■ **DATA PROVIDED**
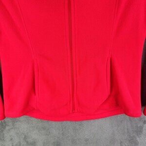 Womens Neon Red Old Navy Fleece Jacket Full Zip Mock Neck Long Sleeve Size M
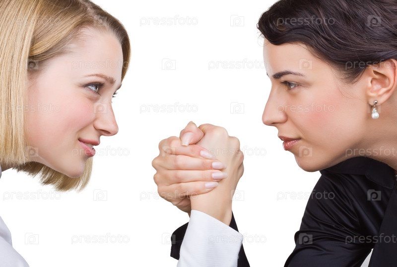 Две девушки борются на руках
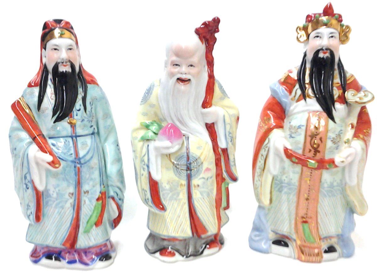 Antique Chinese Porcelain Statue Prosperity Fu Status Lu And Longevity Shou Hallmarked 14
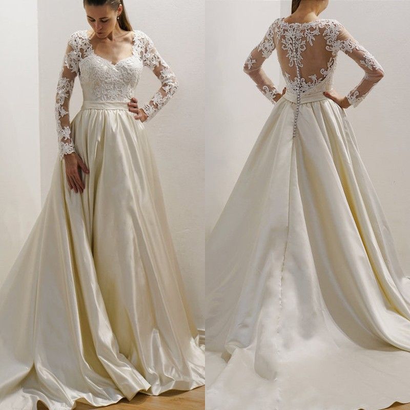 Discount Vintage A Line Long Sleeve Wedding Dress Covered Button
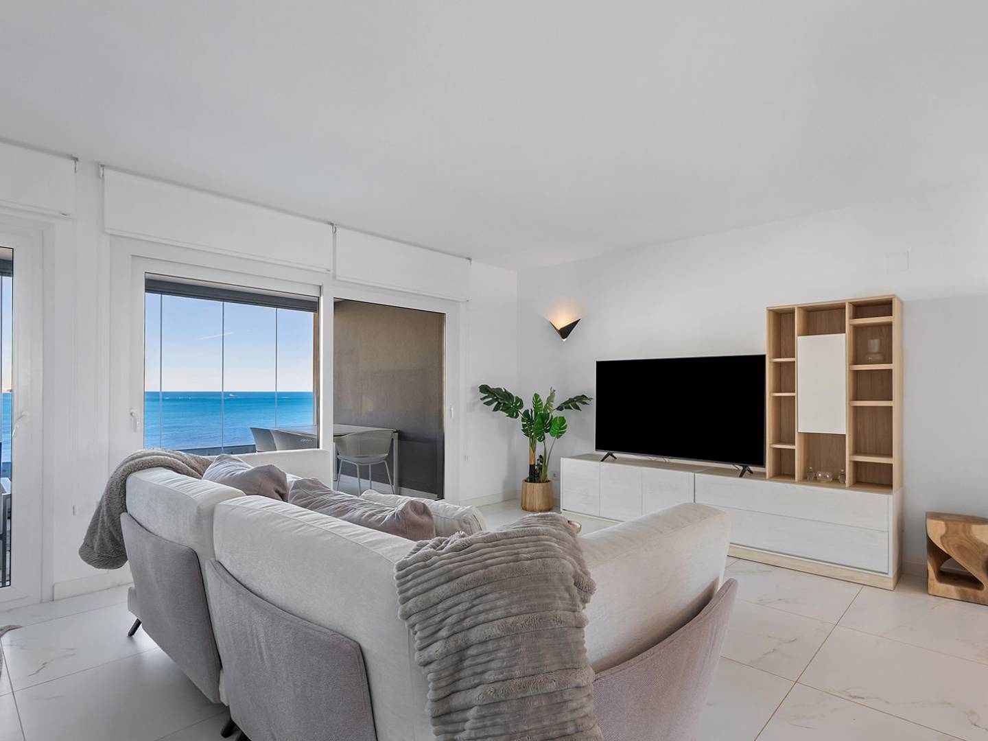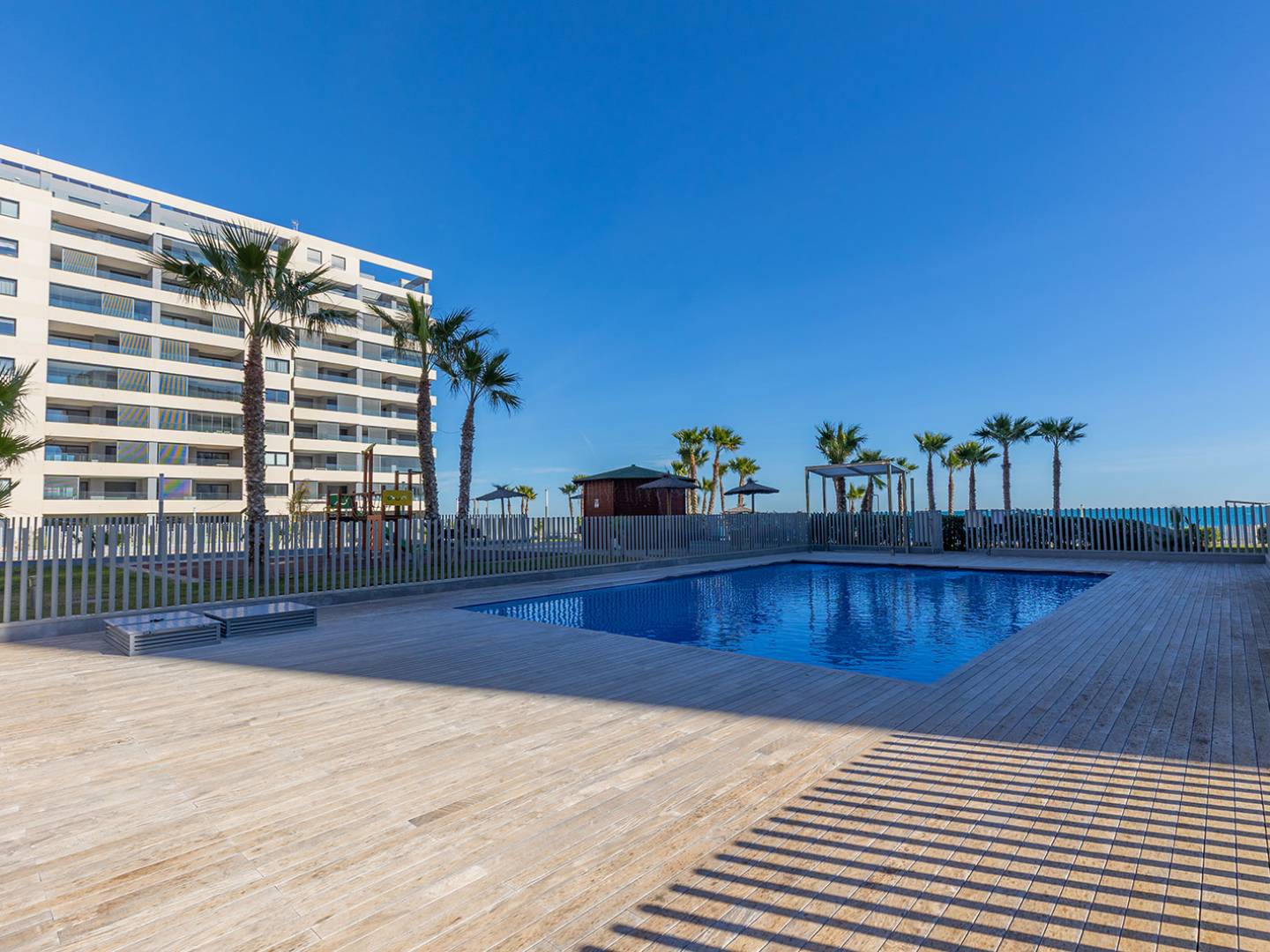This exclusive 5th-floor apartment is located in the prestigious Posidonia residential complex, on the seafront in Punta Prima. Originally designed with three bedrooms, the property was modified off-plan to offer 94 m² of pure comfort, now distributed into two spacious bedrooms and two bathrooms, gaining exceptional spaciousness in the living areas. Its key strength lies in its double orientation and outdoor spaces: a 16 m² terrace with unobstructed views of the sea and the bay of Torrevieja, and a second 12 m² rear terrace facing south with views towards La Manga, guaranteeing sun, natural light, and cross ventilation throughout the day. The property is sold fully furnished, with an underground parking space and storage room included. The complex features high-standard common areas and security. Located within walking distance of amenities, supermarkets, and coves, it is approximately 45 minutes from Alicante Airport, combining luxury and comfort in one of the most sought-after areas of the Costa Blanca.
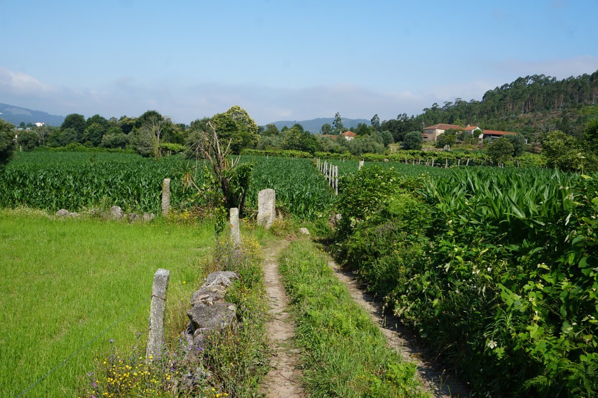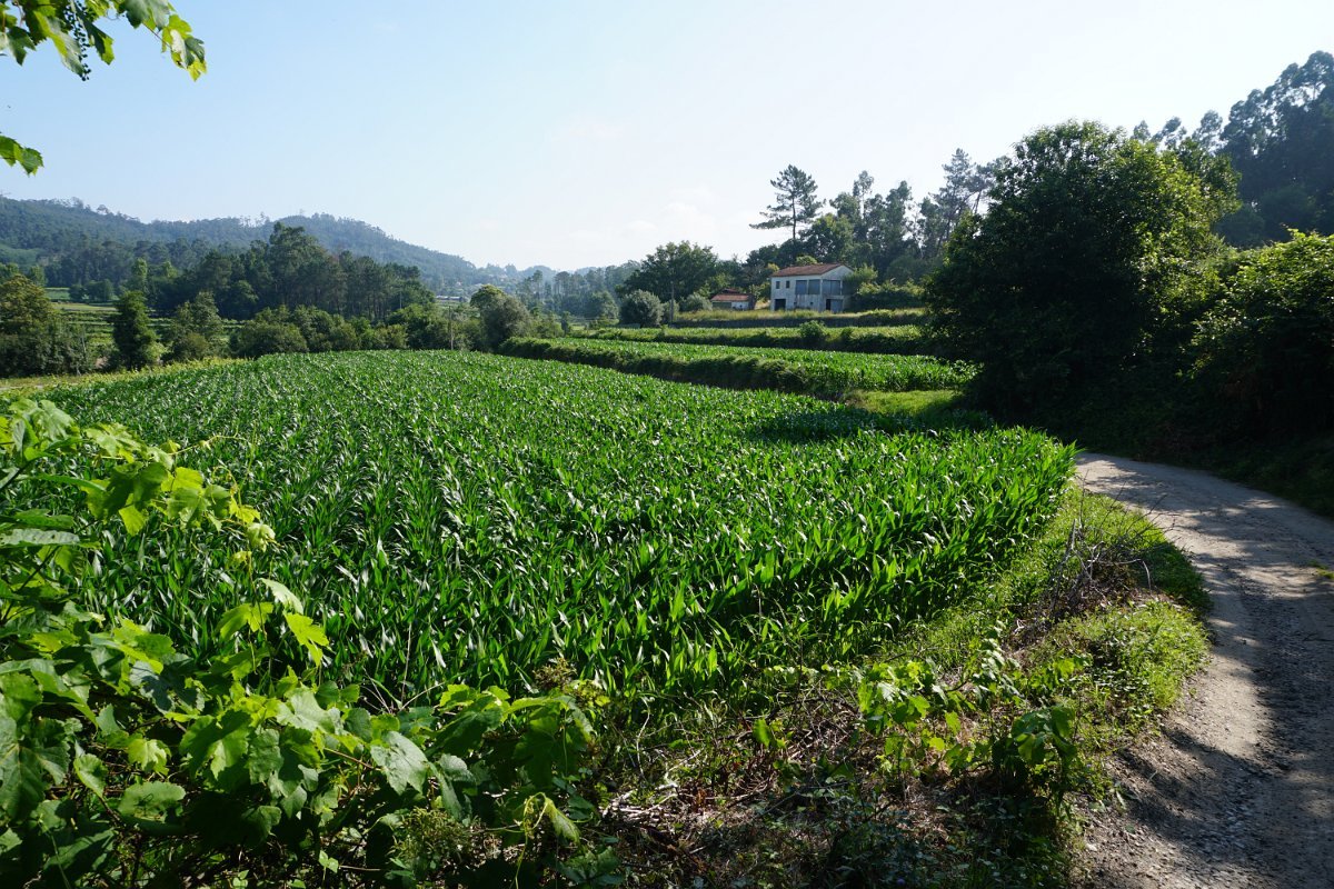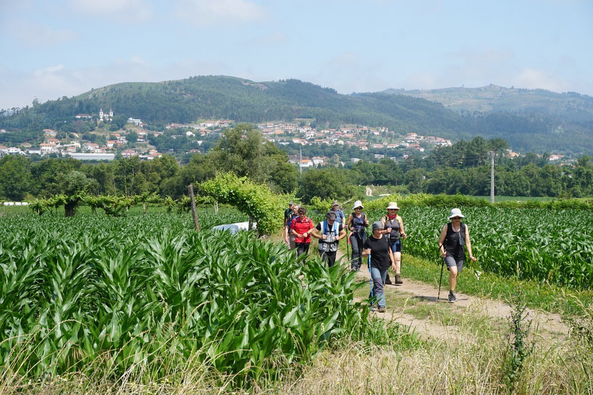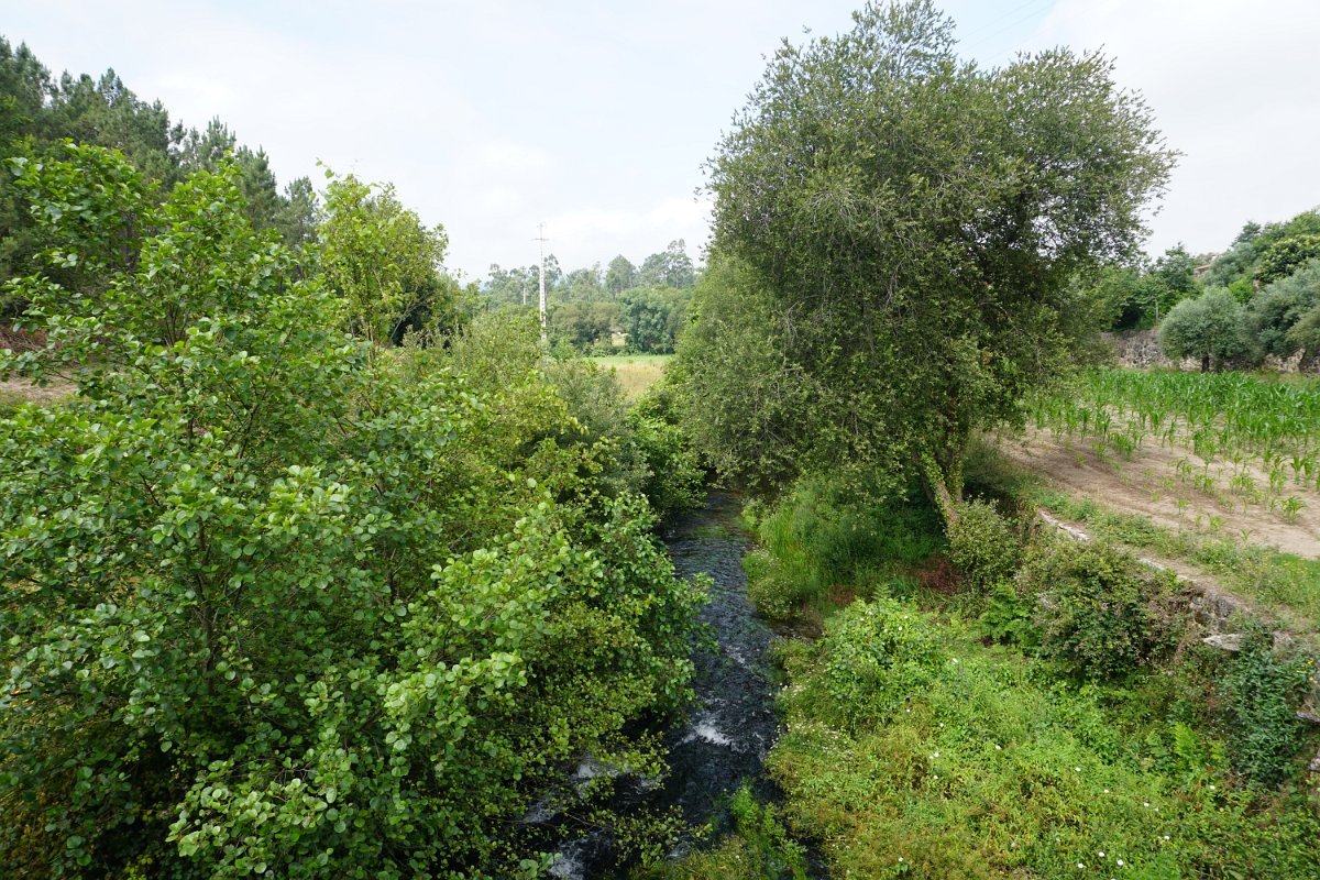 Após inesperada paragem para prolongada "conversa de pescadores", iniciamos a subida da margem direita do Neiva, bordejando os campos até à proximidade da ponte das Tábuas, tendo depois infletido a norte na direção de Balugães, rumo ao célebre Santuário da Srª da Aparecida.
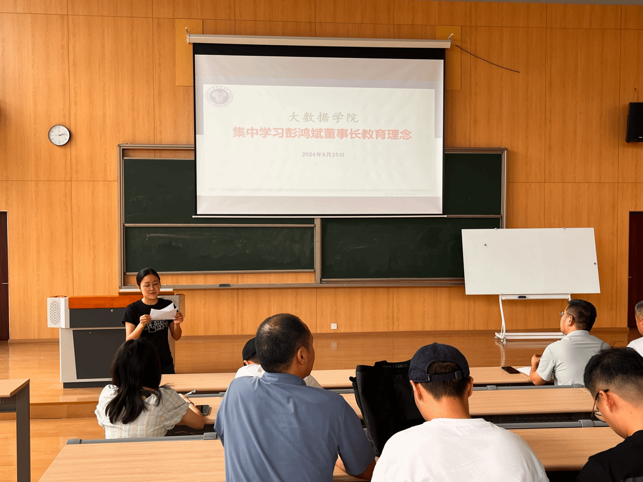为进一步贯彻与落实集团的教育理念,推动学校教育教学改革,培养更多优秀人才,奠定新商科大学理念基础。大数据学院于25日14:00时在玉棠书院阶梯教室开展了集中学习彭鸿斌董事长教育理念交流活动。大数据学院全体教职工参与,共同聆听并学习彭鸿斌董事长的教育理念。
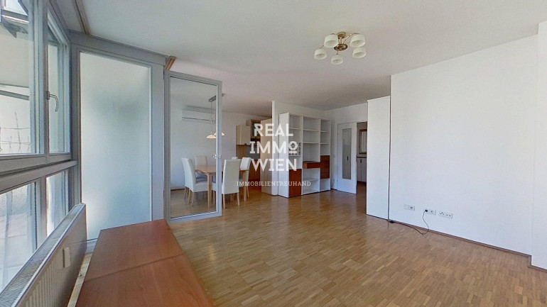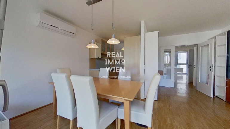 Das Herzstück der Wohnung ist das großzügige Wohnzimmer, von dem aus Sie direkt auf den nach Nord-Westen ausgerichteten Balkon gelangen – ideal, um die Abendsonne zu genießen. Für optimalen Wohnkomfort ist die Wohnung mit einer Klimaanlage ausgestattet. Im Schlafbereich wurden zudem elektrische Jalousien installiert, damit Sie die Lichtverhältnisse jederzeit bequem steuern können. Die Beheizung erfolgt effizient via Fernwärme. Die Raumaufteilung wird durch eine voll ausgestattete Küche, ein Badezimmer mit Badewanne, eine separate Toilette und einen geräumigen Vorraum perfekt ergänzt. Ein eigenes Kellerabteil mit etwa 2 m² bietet zusätzlichen Stauraum.
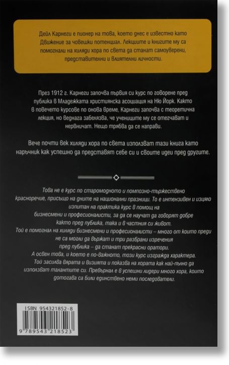 Вече почти век хиляди хора по света използват тази книга като наръчник как успешно да представят себе си и своите идеи пред другите. Това не е курс по старомодното и помпозно-тържествено красноречие, присъщо на дните на национални празници. То е интензивен и изцяло изпитан на практика курс в помощ на бизнесмени и професионалисти, за да се научат да говорят добре както пред публика, така и в частния си живот.
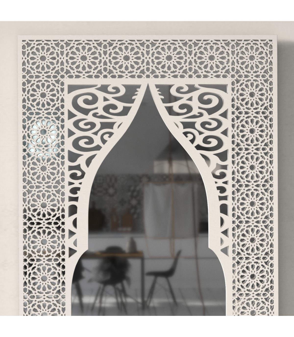 Miroir de style arabe fabriqué à la main par Jaima Alkauzar, avec du bois découpé au laser et assemblé à Grenade, produit 100% national.
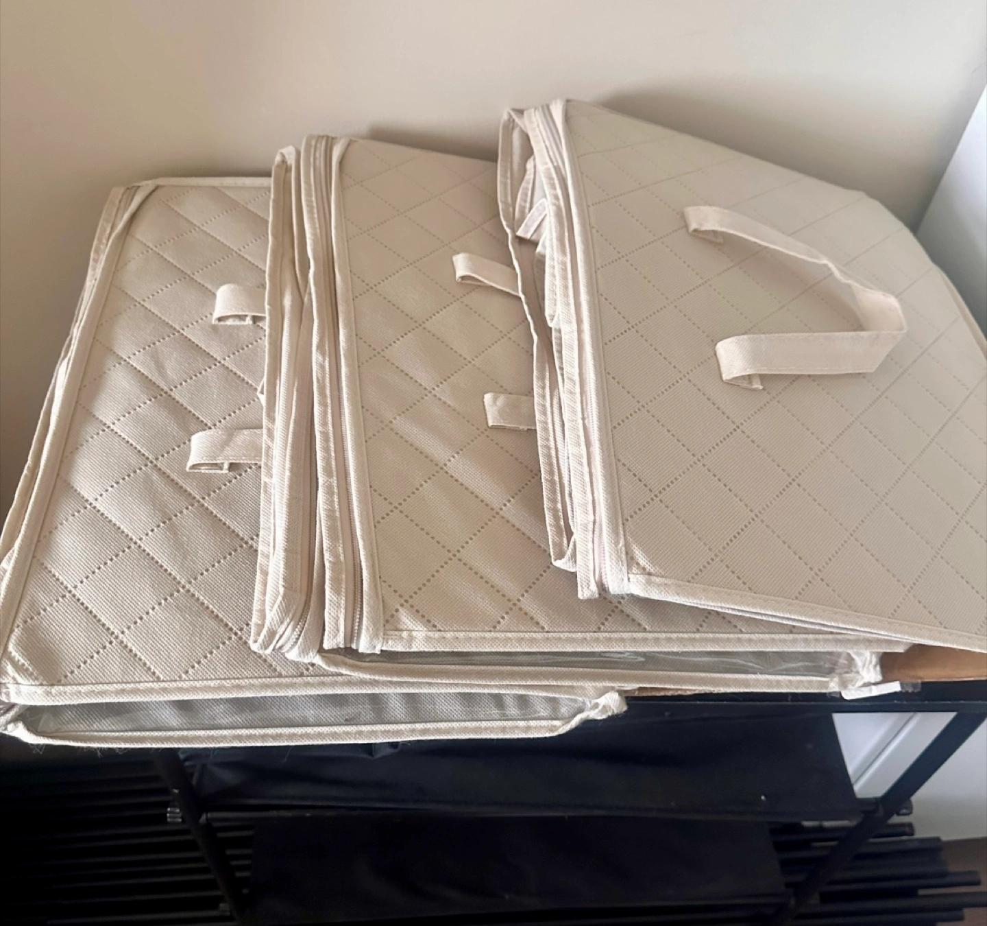 Selling three beige storage bag organizers. They're in great shape and ready to help you declutter! Perfect for storing clothes, linens, or anything else you need to keep organized

■ **WHAT THIS TASK INVOLVES**
Take the lines from the start of the listing above through the line with "Discount Vintage A", both ends included, and copy them exactly, leaving the pictures behind.

■ **SOLUTION TO THIS TASK**
 Womens Neon Red Old Navy Fleece Jacket Full Zip Mock Neck Long Sleeve Size M
 Две девушки борются на руках
 Antique Chinese Porcelain Statue Prosperity Fu Status Lu And Longevity Shou Hallmarked 14
 Discount Vintage A Line Long Sleeve Wedding Dress Covered Button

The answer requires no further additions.